"Pigs on the Wing" is a two-part song by English rock band Pink Floyd from their 1977 concept album Animals, opening and closing the album. According to various interviews, it was written by Roger Waters as a declaration of love to his new wife Carolyne Christie. The song is significantly different from the other three songs on the album, "Dogs," "Pigs" and "Sheep," in that the other songs are dark, whereas this one is lighter-themed, as well as also being much shorter in duration, with each part at under a minute and a half while the others are all at least 10 minutes in length.

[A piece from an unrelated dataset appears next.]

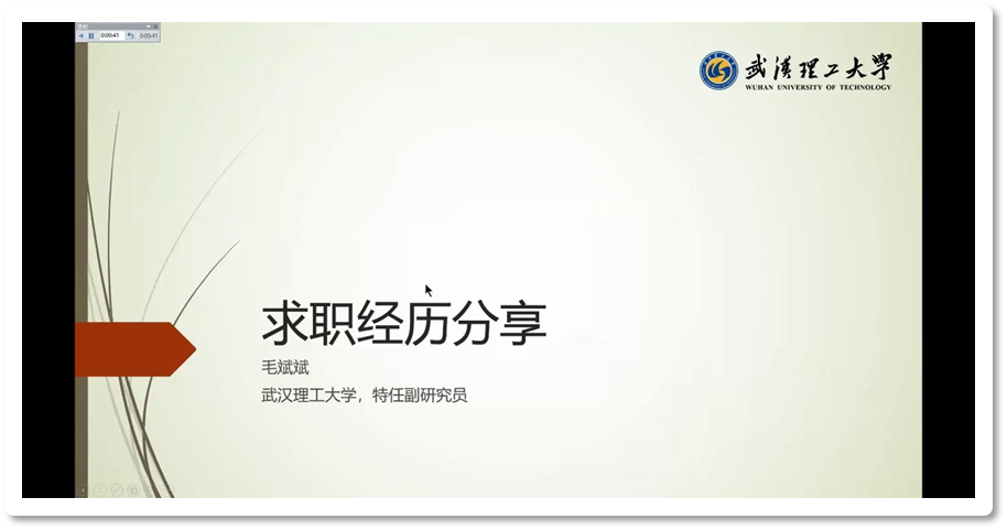 最后一位嘉宾是实验室2021届博士毕业生毛斌斌师兄,毛斌斌师兄入职武汉理工大学,他的分享内容是:找工作的一些流程和建议、撰写简历的建议以及国外博后机会寻找建议等。

The title comes from an expression used by British pilots during World War II to describe enemy fighters in a plane's blindspot.

Composition
The song is divided into two parts, which are the first and last tracks of the album. Both are in stark contrast to the album's middle three songs. Without the inclusion of this track on Animals, Waters thought the album "would have just been a kind of scream of rage."

According to Pink Floyd drummer Nick Mason, and confirmed by Waters, it is a love song directed towards Waters' new wife at the time, Carolyne. She was really the only one of Waters' friends Mason had ever met who could hold her own in an argument with Waters. According to Mason, someone had to be very good with semantics to win an argument against Waters. Waters wrote the song because that is what he had been looking for all along: someone who could stand up to him, an equal.

The songs are constructed simply and feature no instrumentation besides a strummed acoustic guitar played by Waters.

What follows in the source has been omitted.